Bodies that aggressively advocate free market economics are most vocal in their criticism of what they consider to be government meddling.
Tim Wilson, director of the Free Trade Unit at the Institute of Public Affairs, professes ''deep reservations about nanny state measures''. For the institute, reform of gambling regulations are ''based on the assumption that government knows best''. Naturally, such reform will ''discourage individual responsibility''. They take the same position against the government's plain cigarette packaging laws.
This glib argument is a distraction. The central point is that human behaviour is often problematic. We cannot rely upon individuals to behave responsibly. If we could, we wouldn't need most of our road rules. The behaviour of drivers is bad enough with laws; can you imagine the chaos without them?
If people always behaved like responsible adults, we wouldn't need laws to protect children from abuse or laws to stop cigarettes being sold to nine-year-olds. We wouldn't need building codes and prohibitions on the use of asbestos. We wouldn't need laws to prohibit the mistreatment of animals or the dumping of waste into our rivers.
It's not as if the free market is going to protect the community from child pornography, for instance. There's clearly a big market for paedophilic material. And since the free market is driven by profit, not ethics or social justice, it offers no protection from predators.
Government doesn't necessarily ''know best'', but government can play a beneficial role in preventing people from making poor choices. People aren't always capable of doing this without help.
In a liberal democracy, our governments (exasperating though they might sometimes be) exist specifically to represent the best interests of citizens. And, unlike corporations, the best feature of governments is that if we don't like how they operate, we can vote them out.
Whenever the accusation of nanny state is made, people are effectively mocking a venerable tradition of beneficial state involvement, a journey that began with habeas corpus (which provided citizens with protection from unlawful imprisonment).
Those who are quickest to holler ''nanny state'' are generally people who believe that government should play a minimal role in human affairs, with business and the free market setting the agenda. This is the familiar neo-liberal or economic rationalist position: that the market must be the supreme arbiter of all human activity.
But markets are brutal, amoral places. When the sole aim is profit, values and morality are cheerfully bypassed. Thankfully, we live in a civilised society that was painfully, incrementally built over centuries. Unlike so many countries today, we have the benefit of the rule of law, a venerable corpus of jurisprudence that upholds people's rights, protecting us from arbitrary arrest, slavery and exploitation.
I'm sure many of us are glad there's a minimum drinking age and a maximum speed limit, that motorbike helmets are mandatory and that there are penalties for cruelty to animals. Most of us are thankful for federally funded education campaigns alerting us to the risks of smoking and exposure to the sun's rays.

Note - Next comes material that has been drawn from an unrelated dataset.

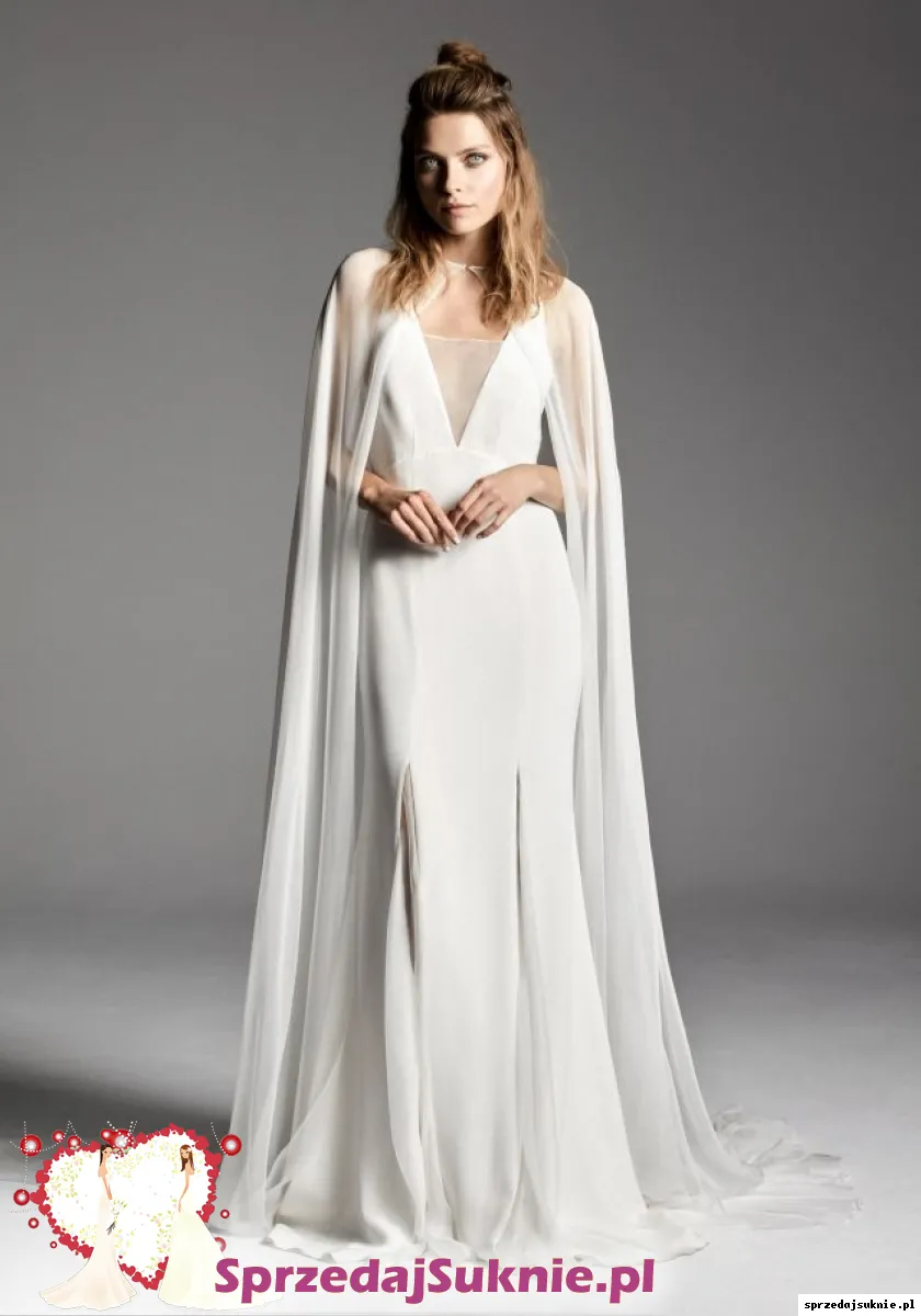Za艂膮czone zdj臋cia katalogowe prezentuj膮 sukni臋 z peleryn膮,
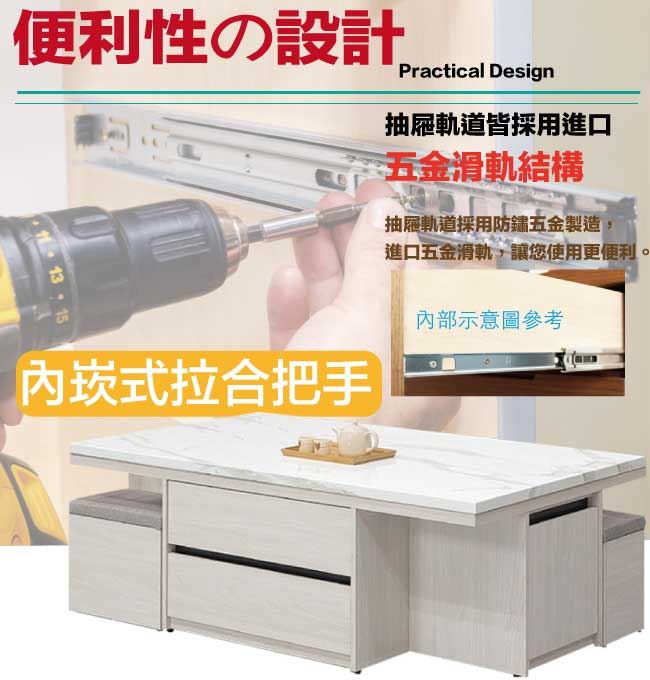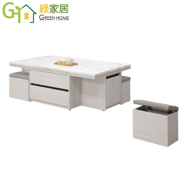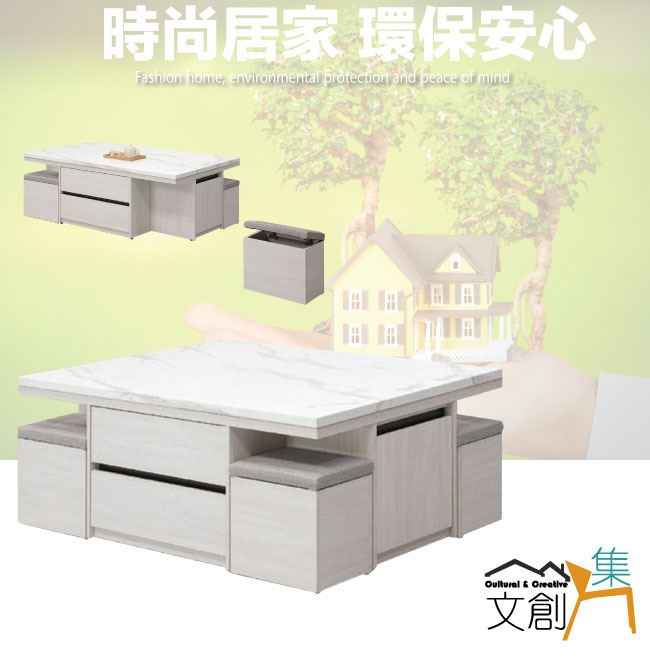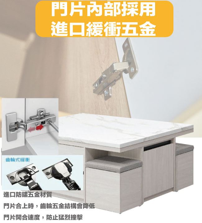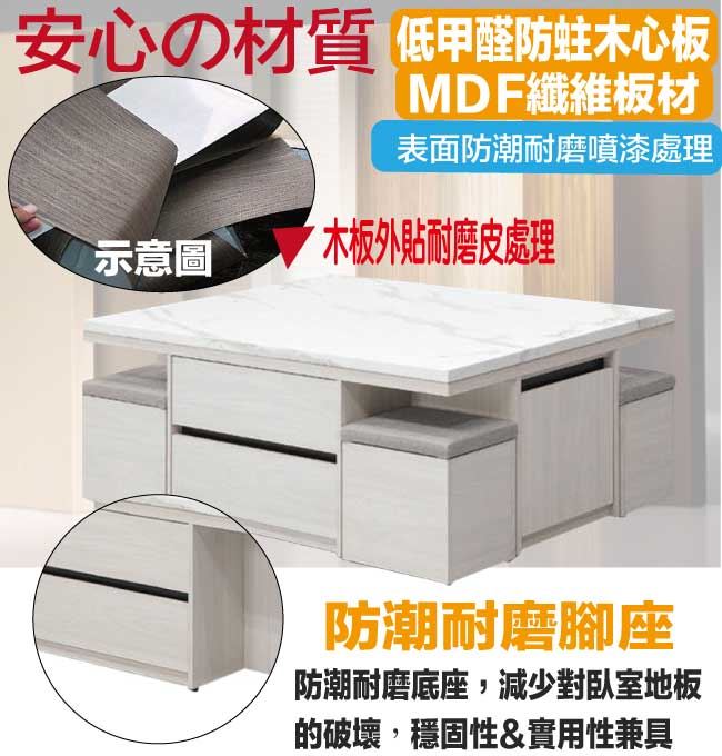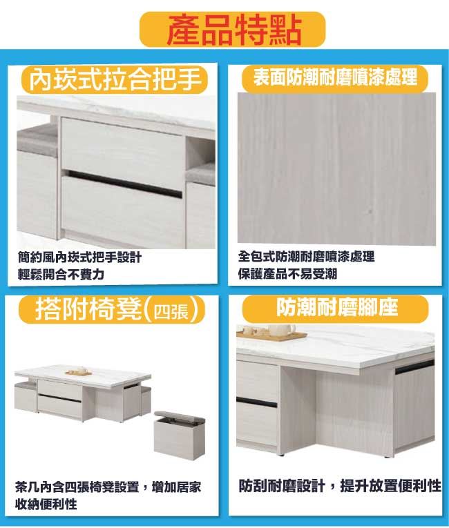 商 品 介 紹 | 【綠家居】卡奇里5尺白榆木紋雙面開門二抽大茶几(附收納椅凳四張) 白榆木紋色系+現代簡約風格+安心材質製造,整體採用防蛀木心板+防潮MDF纖維板(桌面板材質)+防潮耐磨腳座+五金滑軌結構+仿雲紋石面紋路木質桌面板+防夾手緩衝門片五金等安心材質製造,產品外層採用防潮耐磨噴漆處理搭配採用雙面開合開門櫃+二抽屜+內開放層格+附收納椅凳四張等收納空間設計,全由專人配送到家,專業安心服務,替你省下更多時間! 【商品特色】 白榆木紋色系+現代簡約風格+安心材質製造,使用放心+搭配居家更便利 採用防蛀木心板+防潮MDF纖維板(桌面板材質)+防潮耐磨腳座+五金滑軌結構+仿雲紋石面紋路木質桌面板+防夾手緩衝門片五金等安心材質製造 產品外層採用防潮耐磨噴漆處理 搭配採用雙面開合開門櫃+二抽屜+內開放層格+附收納椅凳四張等收納空間設計 此商品不需要DIY組立,此商品為組立後之成品 全由專人配送到家,專業安心服務,替您省下更多時間

If the term nanny state is useful at all, it might be better employed to describe government mollycoddling of businesses and privileged individuals. Wealthy Australians are able to evade billions of dollars in tax through tax breaks that allow them to grow wealthier without effort. Why? Elite private schools are given government funding. Why? In these areas nanna government certainly relishes spoiling her favourite grandchildren.
Chris Middendorp is a Melbourne community worker.